Now we can get to work:

$$ \begin{aligned} \epsilon & = \frac{\frac{2}{N} \pm \sqrt{(\frac{2}{N})^2 + 4 \cdot \frac{1}{N}\ln{\frac{6m_{\mathcal{H}}(2N)}{\delta}}}}{2} \\\\ & = \frac{1}{N} \pm \frac{1}{N}\sqrt{1+N\ln{\frac{6m_{\mathcal{H}}(2N)}{\delta}}} \end{aligned} $$

We note that the quadratic opens upward since $a > 0$. That means that for $\epsilon$ between the two solutions from each side of the $\pm$, the quadratic will be less than zero.
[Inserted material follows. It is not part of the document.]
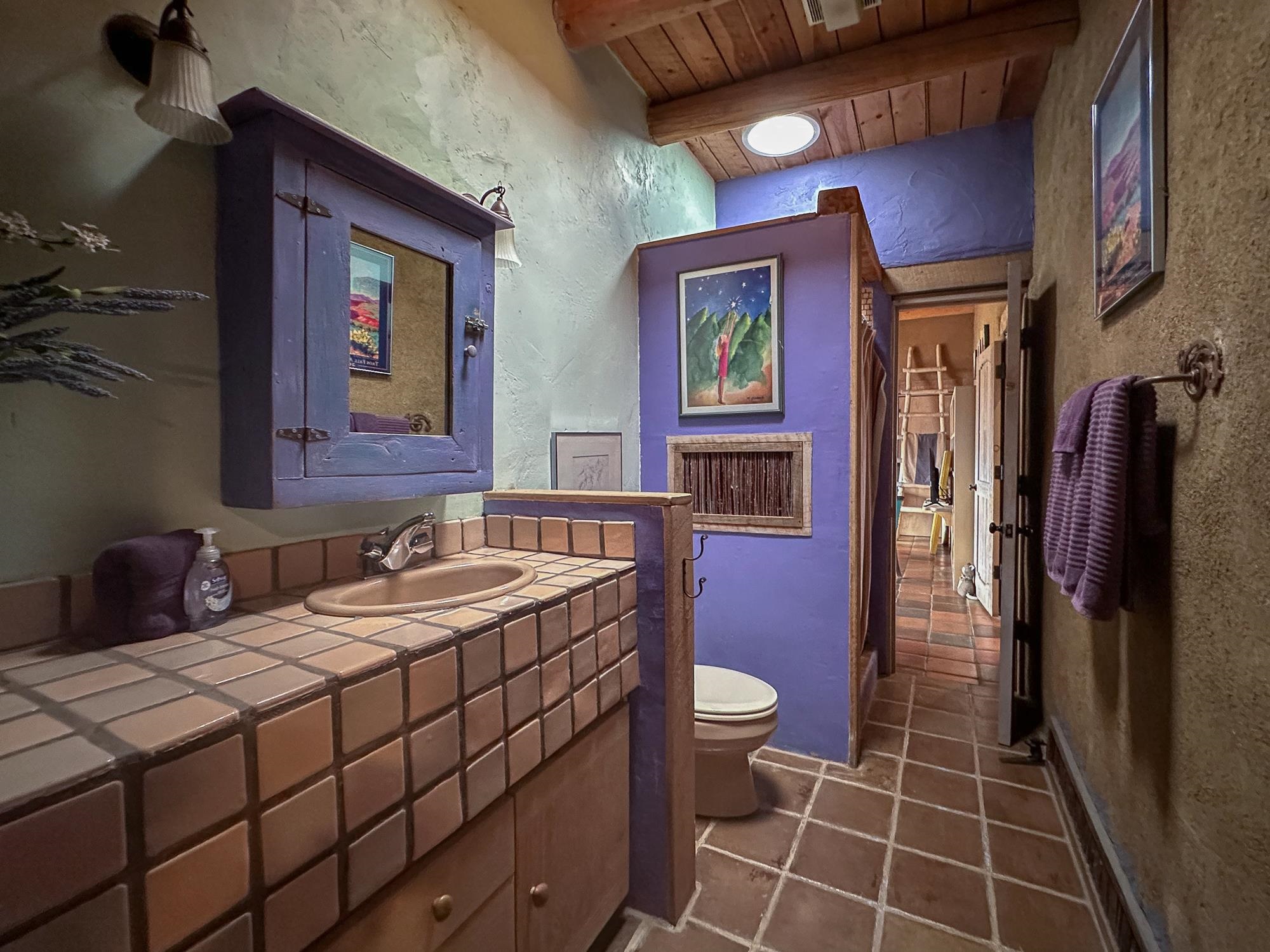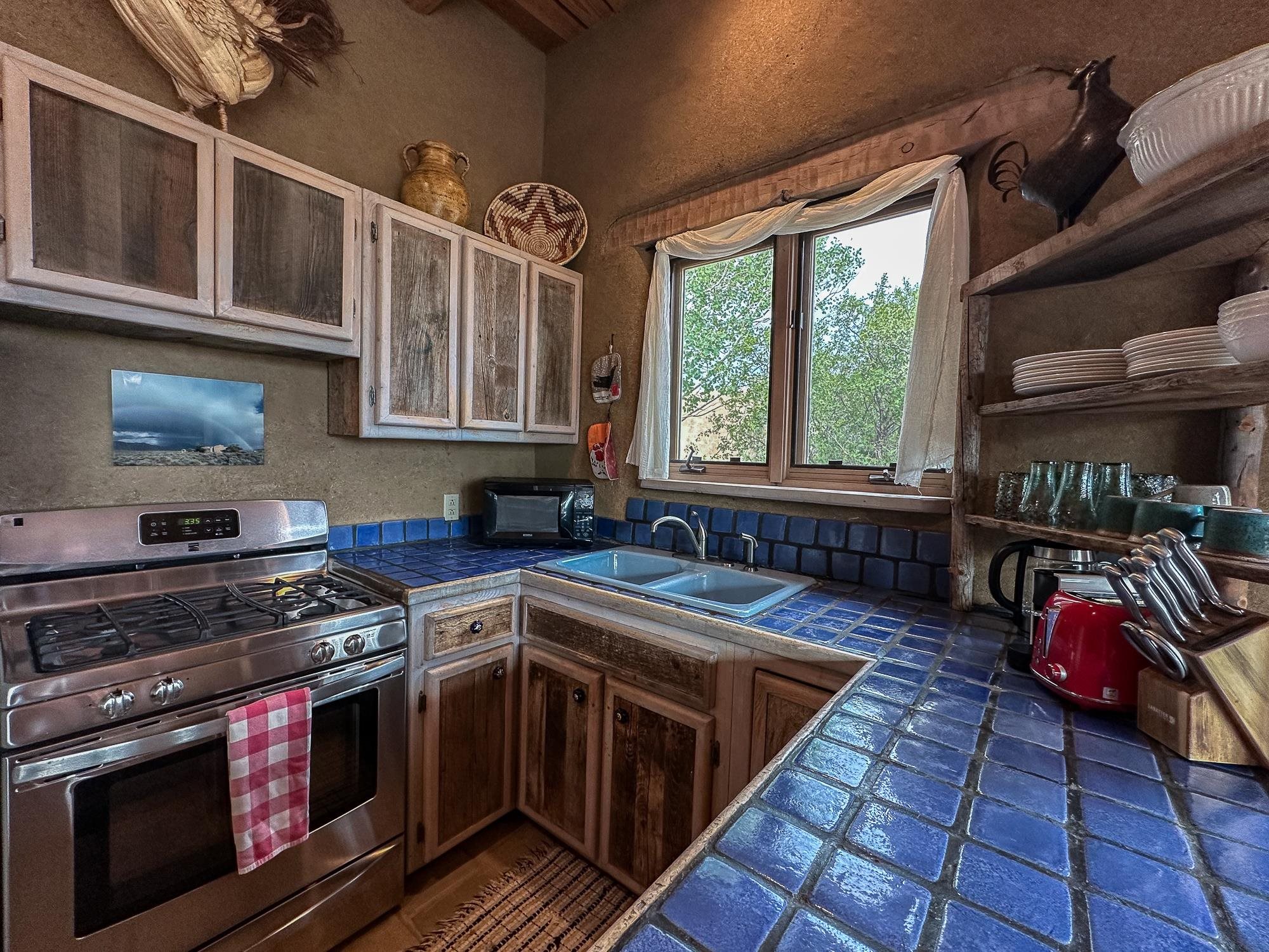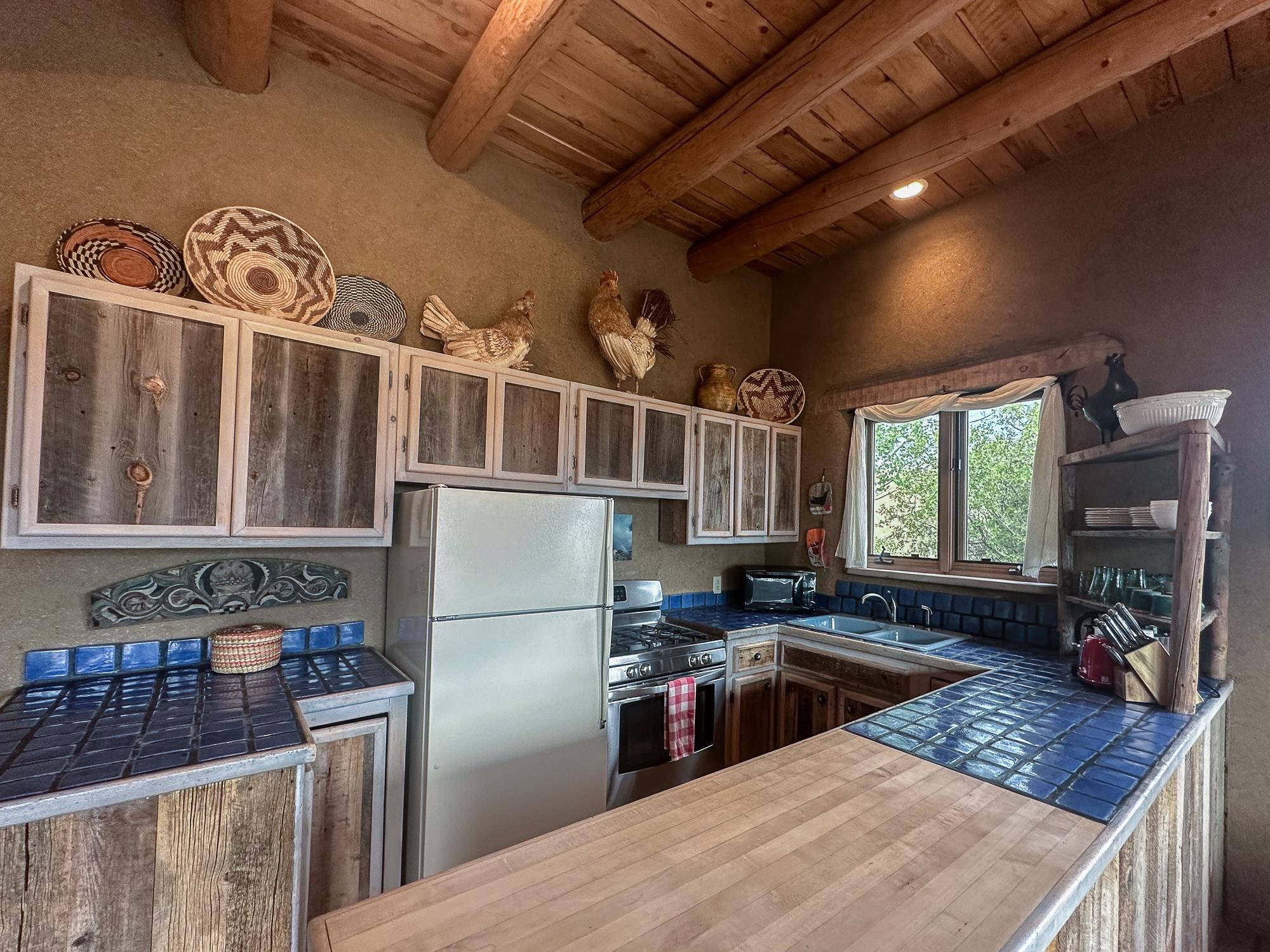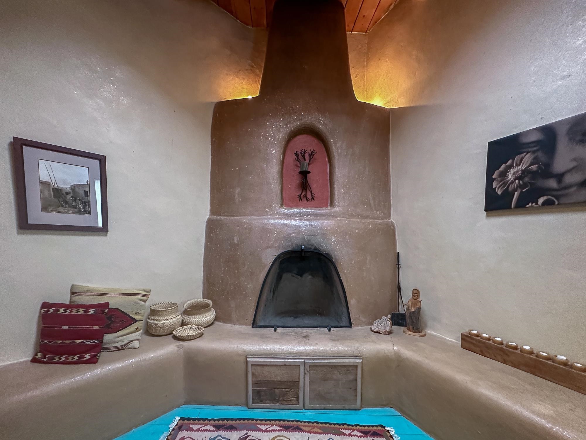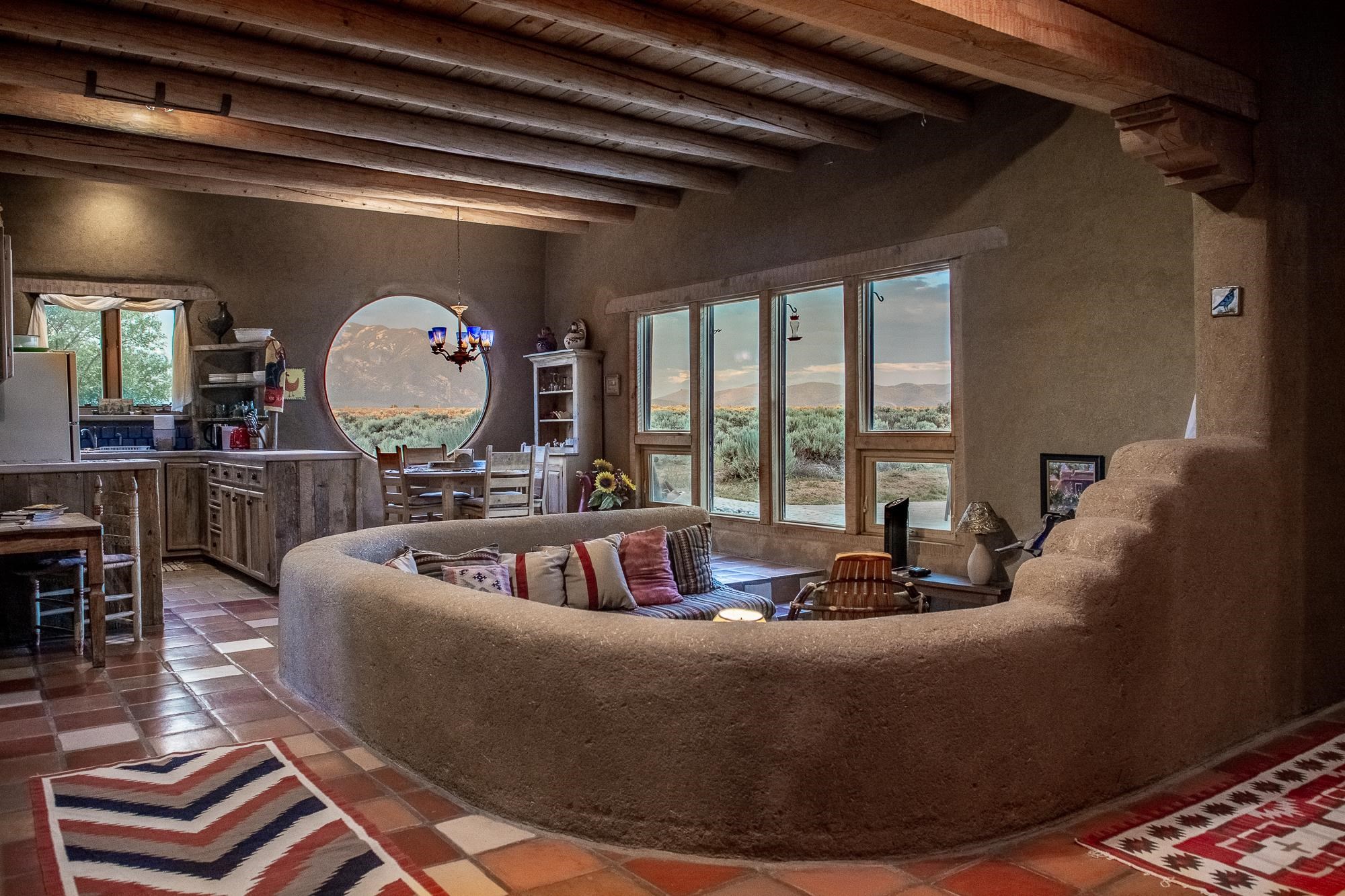 WELCOME TO ADOBE DE ARTISTA -- Where art, charm, and investment potential converge under the big Taos sky. Looking for a turn-key property with serious short-term rental mojo? This one’s got it! A guest favorite for years, Adobe de Artista boasts a loyal following of return visitors who just can’t get enough. Already in compliance with the new Taos County STR ordinance (though the permit isn’t transferable), the groundwork has been laid for smooth re-permitting. Furnishings? Let’s talk—available via separate bill of sale. High-speed fiber optic internet to keep remote life humming. This one-of-a-kind adobe is over 2,000 square feet of handcrafted soul. Designed and built by iconic Taos painter Ed Sandoval, the home is a sculptural blend of adobe, mica, straw, stone, and wood—an earthy, radiant, living work of art. Set on 1.25 acres and bordering Pueblo land, you’ll never lose sight of the mountains or the peace. Step inside and you’re wrapped in the soft curves and textures of classic Taos style: plaster walls, vigas, hand-troweled tile, and light-filled spaces. One of two living rooms features a sunken lounge, banco seating, and a traditional southwest style fireplace perfect for cozy nights in. The open-concept main living space flows into a kitchen with custom cabinets and a dining area where a massive round window perfectly frames the Sangre de Cristos. The primary bedroom is generous, serene, and romantic—featuring painted plank floors, a walk-in closet, and a second stunning fireplace with mica shimmer. The en suite bath? Think river rock shower + tiny fireplace = spa-like bliss. The second bedroom is sunny and opens to a private patio, with its own en suite bath for guests or renters. A third full bath and laundry closet complete the layout. Outside, you’ll find multiple patios, shady spots, and stargazing nooks—plus a hot tub made for soaking under the Milky Way. There’s also a carport and gear storage for your skis, bikes, or fly rods. Just 20 minutes to Taos Plaza and 25 to the Ski Valley, this is more than a home—it’s a retreat, a vibe, and a smart investment all wrapped into one adobe masterpiece.

That is

$$ \epsilon_1 \leq \epsilon \leq \epsilon_2 $$

if $\epsilon_1$ is the solution from the minus and $\epsilon_2$ is the solution from the positive. We only care about an upper bound on $\epsilon$, so we have

$$ \epsilon \leq \frac{1}{N} + \frac{1}{N}\sqrt{1+N\ln{\frac{6m_{\mathcal{H}}(2N)}{\delta}}} $$

We need to substitute in the bound on $m_{\mathcal{H}} \leq N^{d_{vc}}$

$$ \epsilon \leq \frac{1}{N} + \frac{1}{N}\sqrt{1+N\ln{\frac{6m_{\mathcal{H}}(2N)}{\delta}}} $$

becomes

$$ \epsilon \leq \frac{1}{N} + \frac{1}{N}\sqrt{1+N\ln{\frac{6((2N)^{d_{vc}} + 1)}{\delta}}} $$

This is the form of the Parrondo and Van den Broek generalization bound that we will use later. $\blacksquare$

Devroye

$$ \begin{aligned} \epsilon & \leq \sqrt{\frac{1}{2N}(4\epsilon(1+\epsilon) + \ln{\frac{4m_{\mathcal{H}}(N^2)}{\delta}})} \\\\ \epsilon^2 & \leq \frac{1}{2N}(4\epsilon(1+\epsilon) + \ln{\frac{4m_{\mathcal{H}}(N^2)}{\delta}}) \\\\ \epsilon^2 & \leq \frac{1}{2N}(4\epsilon + 4\epsilon^2 + \ln{\frac{4m_{\mathcal{H}}(N^2)}{\delta}}) \\\\ \epsilon^2 & \leq \frac{4}{2N}\epsilon + \frac{4}{2N}\epsilon^2 + \frac{1}{2N}\ln{\frac{4m_{\mathcal{H}}(N^2)}{\delta}} \\\\ (1-\frac{2}{N})\epsilon^2 - \frac{2}{N}\epsilon - \frac{1}{2N}\ln{\frac{4m_{\mathcal{H}}(N^2)}{\delta}} & \leq 0 \end{aligned} $$

Now we are ready to use the quadratic equation with

$$ \begin{aligned} a & = 1-\frac{2}{N} \\ b & = -\frac{2}{N} \\ c & = -\frac{1}{2N}\ln{\frac{4m_{\mathcal{H}}(N^2)}{\delta}} \end{aligned} $$

which yields

$$ \begin{aligned} \epsilon & = \frac{\frac{2}{N} \pm \sqrt{(\frac{2}{N})^2 + 4(1-\frac{2}{N})\frac{1}{2N}\ln{\frac{4m_{\mathcal{H}}(N^2)}{\delta}}}}{2(1-\frac{2}{N})} \\\\ & = \frac{ \frac{2}{N} \pm \sqrt{ (\frac{2}{N})^2 + (\frac{2}{N} - (\frac{2}{N})^2)\ln{\frac{4m_{\mathcal{H}}(N^2)}{\delta}}}}{2-2\cdot\frac{2}{N}} \\\\ & = \frac{ \frac{2}{N} \pm \frac{2}{N}\sqrt{ (1 + (\frac{N}{2}-1)\ln{\frac{4m_{\mathcal{H}}(N^2)}{\delta}}}}{\frac{2}{N}(N-2)} \\\\ & = \frac{ 1 \pm \sqrt{ (1 + (\frac{N}{2}-1)\ln{\frac{4m_{\mathcal{H}}(N^2)}{\delta}}}}{N-2} \\\\ & = \frac{ 2 \pm \sqrt{ (4 + (2N-4)\ln{\frac{4m_{\mathcal{H}}(N^2)}{\delta}}}}{2N-4} \\\\ \end{aligned} $$

I won't explain it here but again we only care about the plus side of the solution pair. We will have to take special care when substituting in the polynomial bound on the growth function for this bound to avoid overflow.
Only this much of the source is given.